Chasse aux actes "inutiles" à l'hôpital
Il faudra aussi rogner sur ce que le ministère de la santé estime être des « actes inutiles ». Une pratique qui se serait multipliée à cause du système de rémunération à l'acte, encourageant les hôpitaux à pratiquer et facturer plus d'actes que strictement nécessaire pour être correctement financés.
Les soins spécialisés réservés aux plus grosses structures
Concernant les hôpitaux de proximité, ( Belvès, Domme, Excideuil, Nontron, Ribérac, Saint Astier, Saint Aulaye) leur statut changera, mais on restera là aussi dans la continuité de la politique de Groupement Hospitalier de Territoire.
Les 600 plus petits établissements français continueront à être réorientés sur des priorités telles que la gériatrie, la rééducation, l’imagerie, la biologie ou encore la télémédecine. Blocs chirurgicaux et maternités continueront à être regroupés dans les plus gros établissements pour leur assurer une activité plus importante.
Un point d'achoppement (on se souvient de la mobilisation autour de la fermeture programmée de la chirurgie et la maternité à l'hôpital de Sarlat) qui risque de ne pas passer dans certains territoires.

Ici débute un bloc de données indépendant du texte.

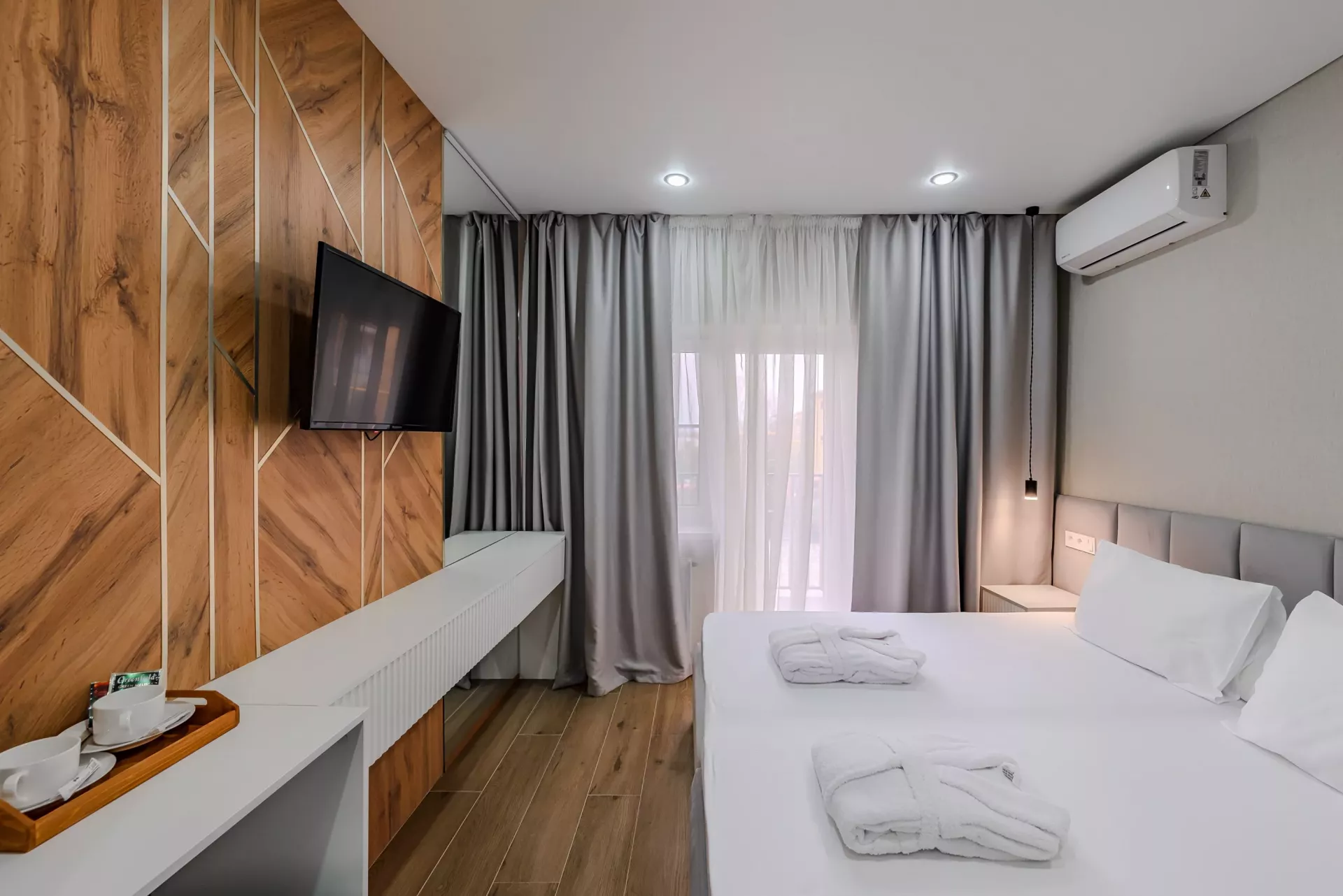 Уютный, однокомнатный номер общей площадью 14 кв.м. с двуспальной или раздельными кроватями, прикроватной тумбой, столиком, чайной станцией. Оборудован кондиционером, ЖК-телевизором, бесплатной связью Wi-Fi, мини-холодильником, сейфом. Санузел оснащен душевой кабинкой, феном, туалетными принадлежностями.

Le virtuel, solution miracle ?
Enfin, la dématérialisation fait aussi son apparition dans le secteur médical. Par la télémédecine censée permettre les soins spécialisés à distance y compris dans les lieux les plus reculés, mais aussi à travers la prise de rendez-vous systématique en ligne, en ville comme à l’hôpital, pour limiter le nombre de rendez-vous non honorés.
Selon le ministère de la santé, 100 millions de rendez-vous médicaux non honorés chaque année en France équivaudraient à 37 000 emplois temps plein de médecins.